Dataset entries
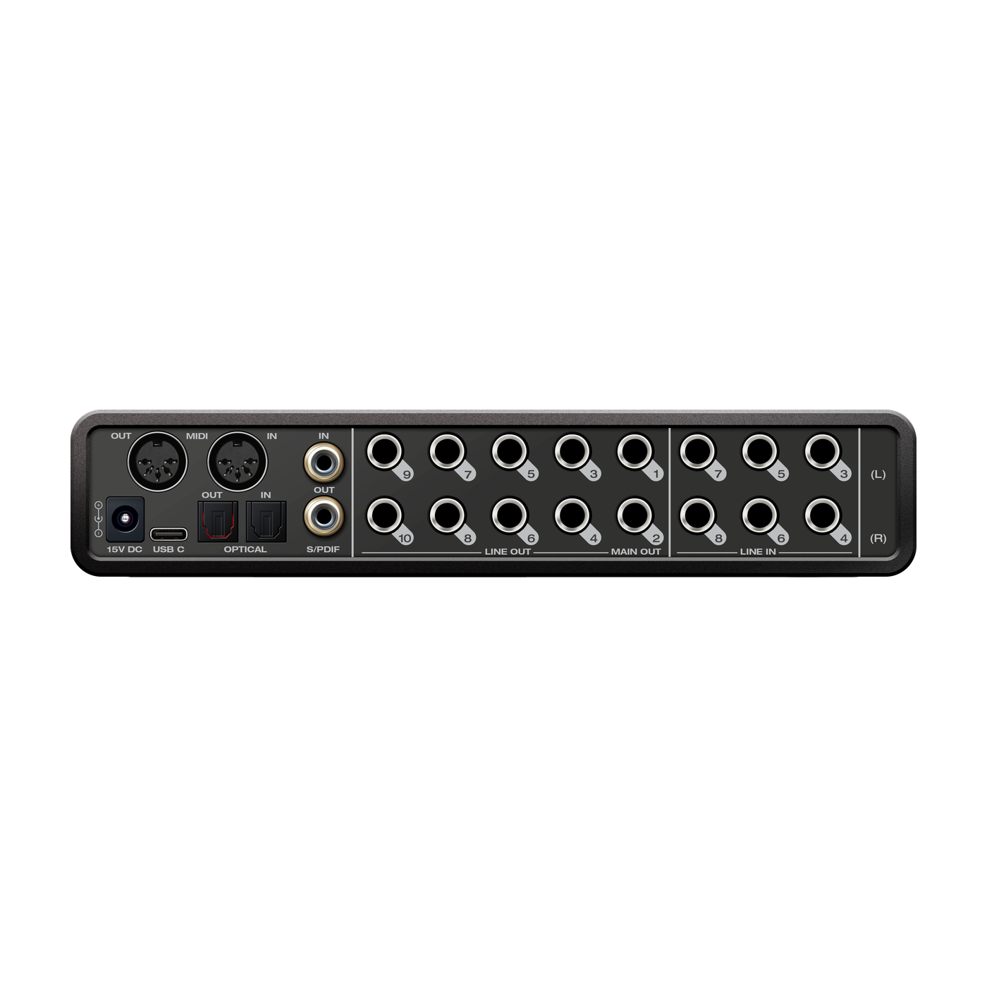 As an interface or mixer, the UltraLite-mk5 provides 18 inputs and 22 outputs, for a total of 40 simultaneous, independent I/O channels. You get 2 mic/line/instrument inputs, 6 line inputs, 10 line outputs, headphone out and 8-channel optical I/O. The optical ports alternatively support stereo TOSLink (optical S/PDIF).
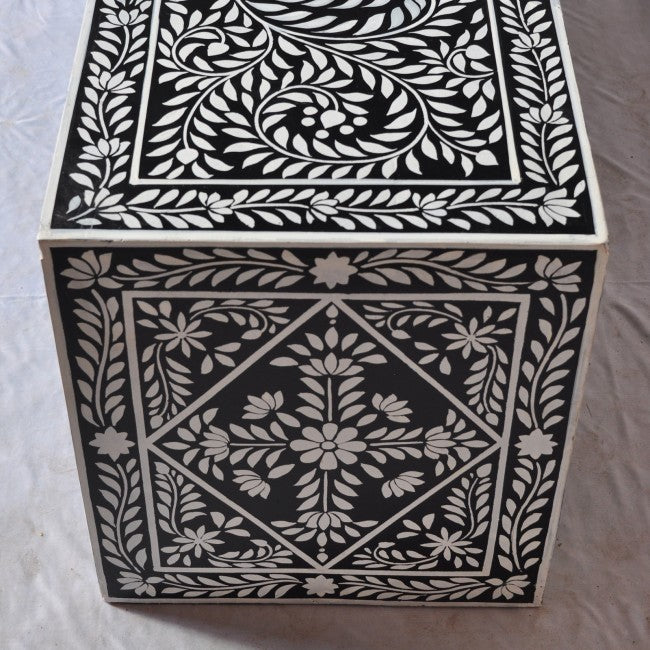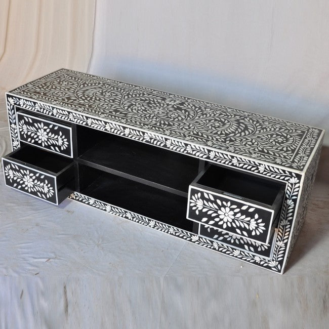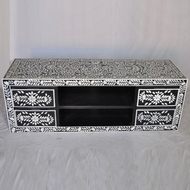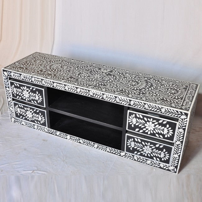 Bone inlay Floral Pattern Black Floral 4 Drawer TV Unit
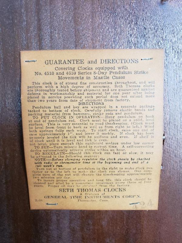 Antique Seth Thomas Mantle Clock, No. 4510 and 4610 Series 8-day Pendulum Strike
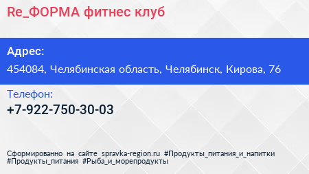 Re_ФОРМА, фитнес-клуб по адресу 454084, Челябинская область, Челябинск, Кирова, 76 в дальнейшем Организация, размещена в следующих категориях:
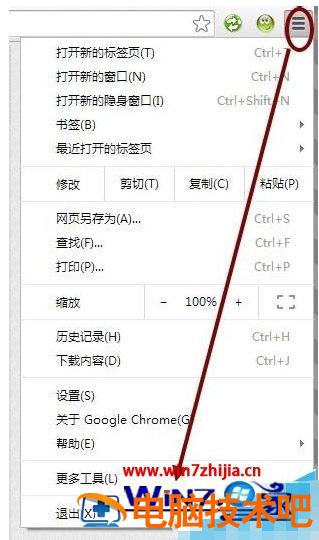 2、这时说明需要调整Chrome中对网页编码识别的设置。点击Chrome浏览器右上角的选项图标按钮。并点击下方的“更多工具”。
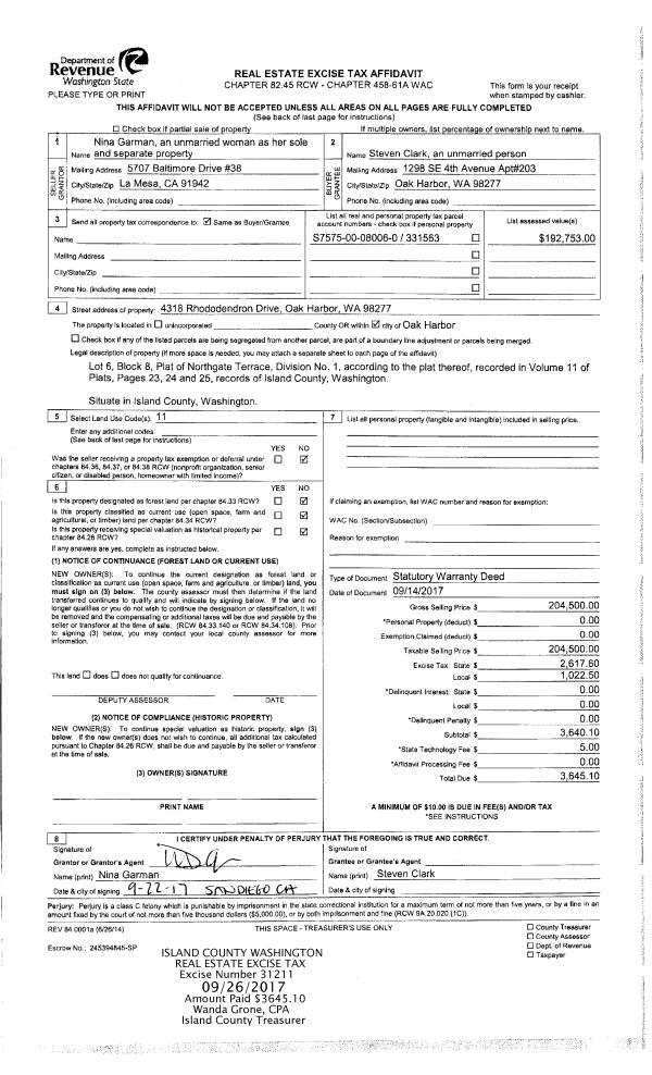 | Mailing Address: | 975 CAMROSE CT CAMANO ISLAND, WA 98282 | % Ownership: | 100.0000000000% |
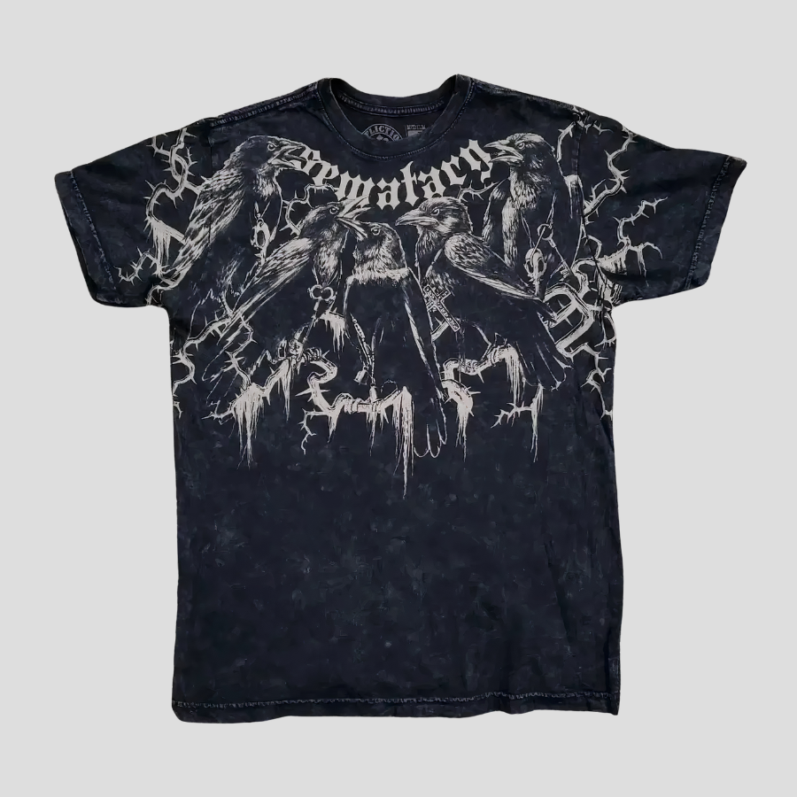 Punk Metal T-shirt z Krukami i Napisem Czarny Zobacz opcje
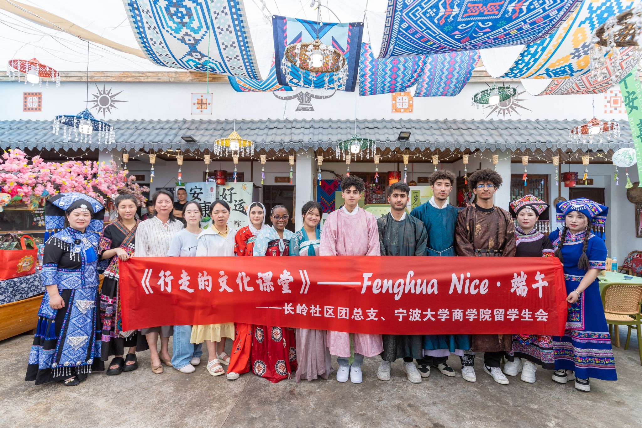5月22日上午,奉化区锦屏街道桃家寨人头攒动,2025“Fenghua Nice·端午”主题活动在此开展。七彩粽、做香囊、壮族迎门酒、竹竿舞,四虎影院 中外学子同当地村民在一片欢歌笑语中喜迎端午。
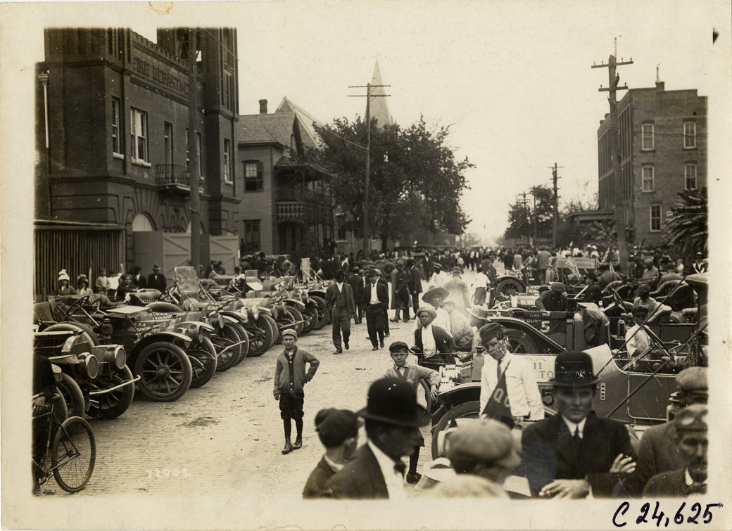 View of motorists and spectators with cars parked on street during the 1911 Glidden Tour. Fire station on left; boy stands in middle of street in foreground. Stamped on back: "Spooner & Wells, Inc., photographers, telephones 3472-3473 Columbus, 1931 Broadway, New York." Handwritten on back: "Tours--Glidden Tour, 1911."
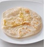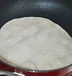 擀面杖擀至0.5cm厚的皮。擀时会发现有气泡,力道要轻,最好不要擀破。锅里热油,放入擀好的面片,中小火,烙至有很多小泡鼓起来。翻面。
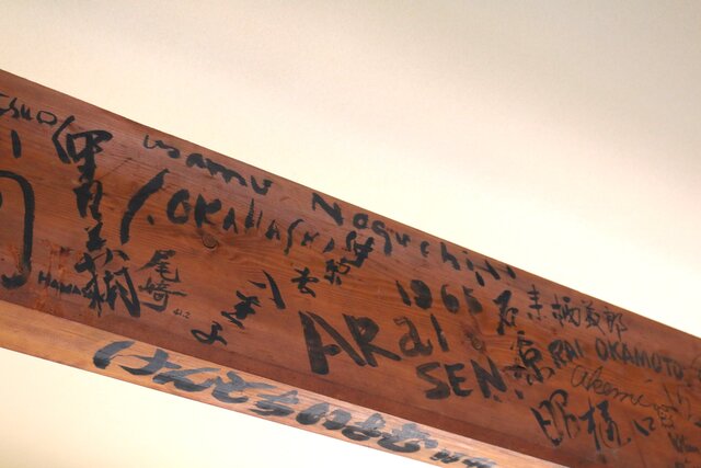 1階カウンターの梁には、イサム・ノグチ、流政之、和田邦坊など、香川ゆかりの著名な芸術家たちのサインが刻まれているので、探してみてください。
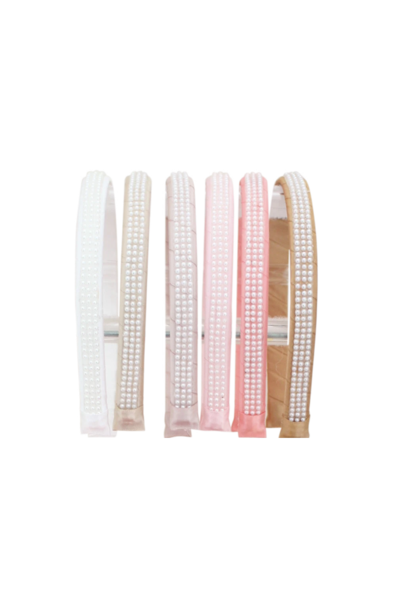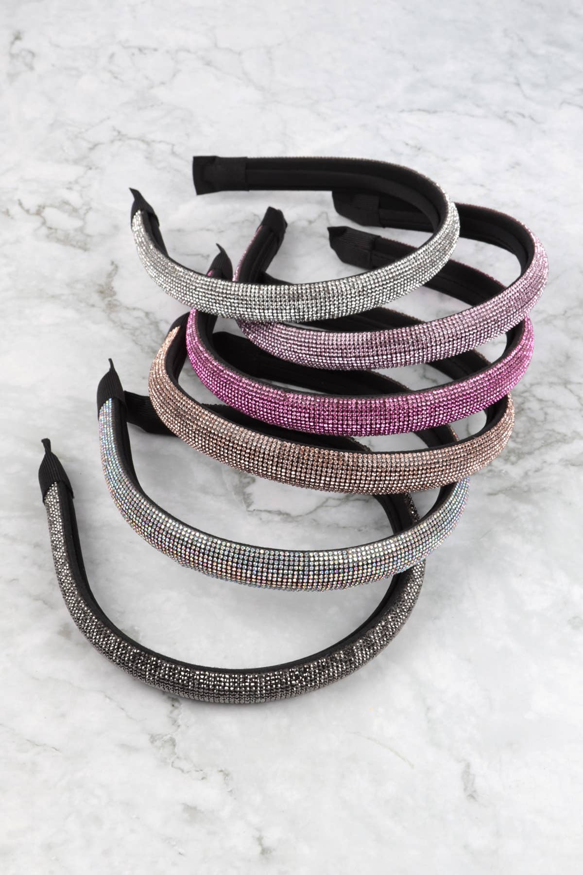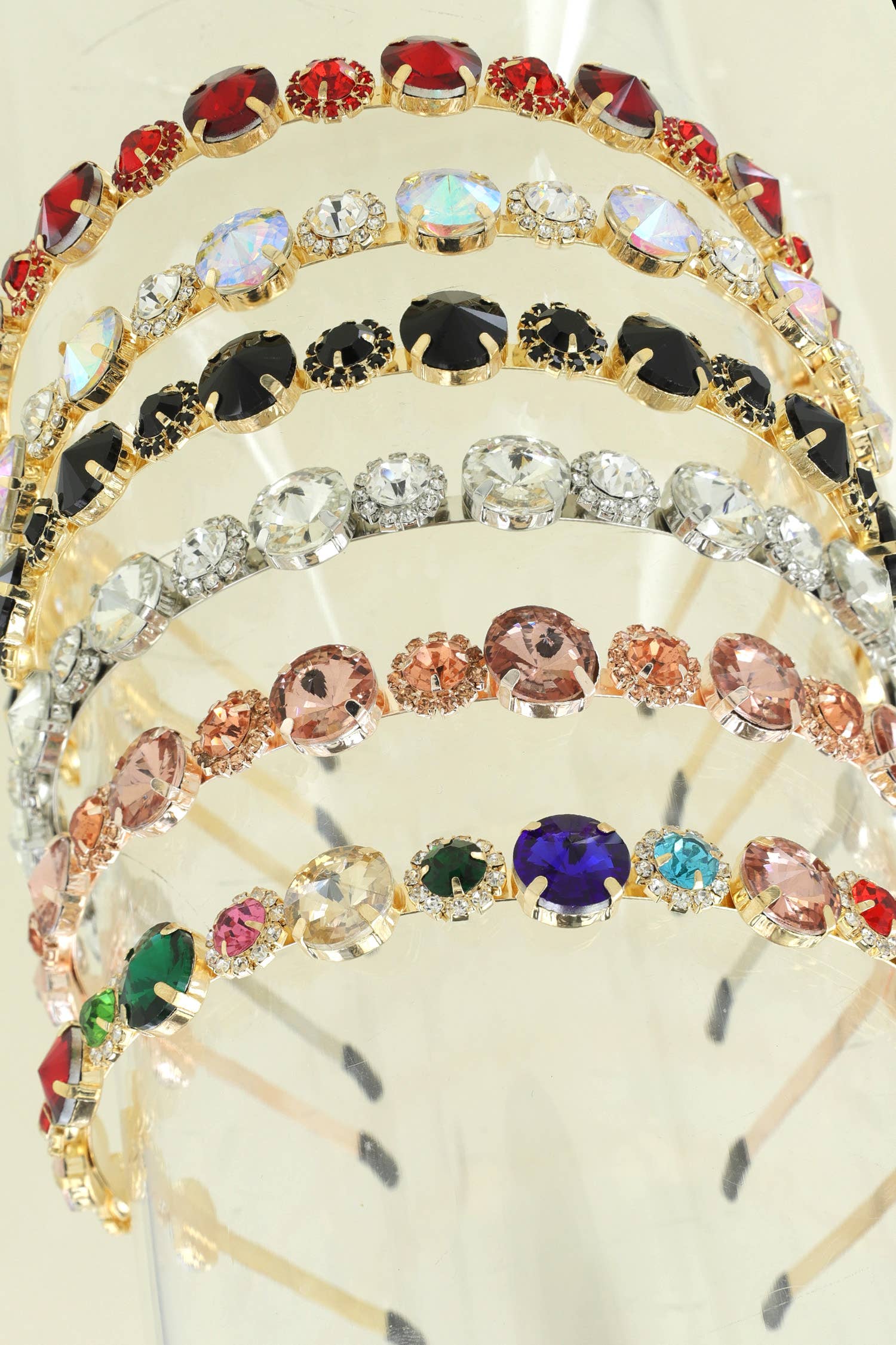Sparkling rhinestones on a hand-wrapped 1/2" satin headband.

**WHAT YOU SHOULD DO:**
Set down exactly and only the lines from the start of the entries above through the line containing "Ownership: | 100.0000000000% |", both ends included, omitting the pictures.

**ANSWER BOX:**
 As an interface or mixer, the UltraLite-mk5 provides 18 inputs and 22 outputs, for a total of 40 simultaneous, independent I/O channels. You get 2 mic/line/instrument inputs, 6 line inputs, 10 line outputs, headphone out and 8-channel optical I/O. The optical ports alternatively support stereo TOSLink (optical S/PDIF).
 Bone inlay Floral Pattern Black Floral 4 Drawer TV Unit
 Antique Seth Thomas Mantle Clock, No. 4510 and 4610 Series 8-day Pendulum Strike
 Re_ФОРМА, фитнес-клуб по адресу 454084, Челябинская область, Челябинск, Кирова, 76 в дальнейшем Организация, размещена в следующих категориях:
 2、这时说明需要调整Chrome中对网页编码识别的设置。点击Chrome浏览器右上角的选项图标按钮。并点击下方的“更多工具”。
 | Mailing Address: | 975 CAMROSE CT CAMANO ISLAND, WA 98282 | % Ownership: | 100.0000000000% |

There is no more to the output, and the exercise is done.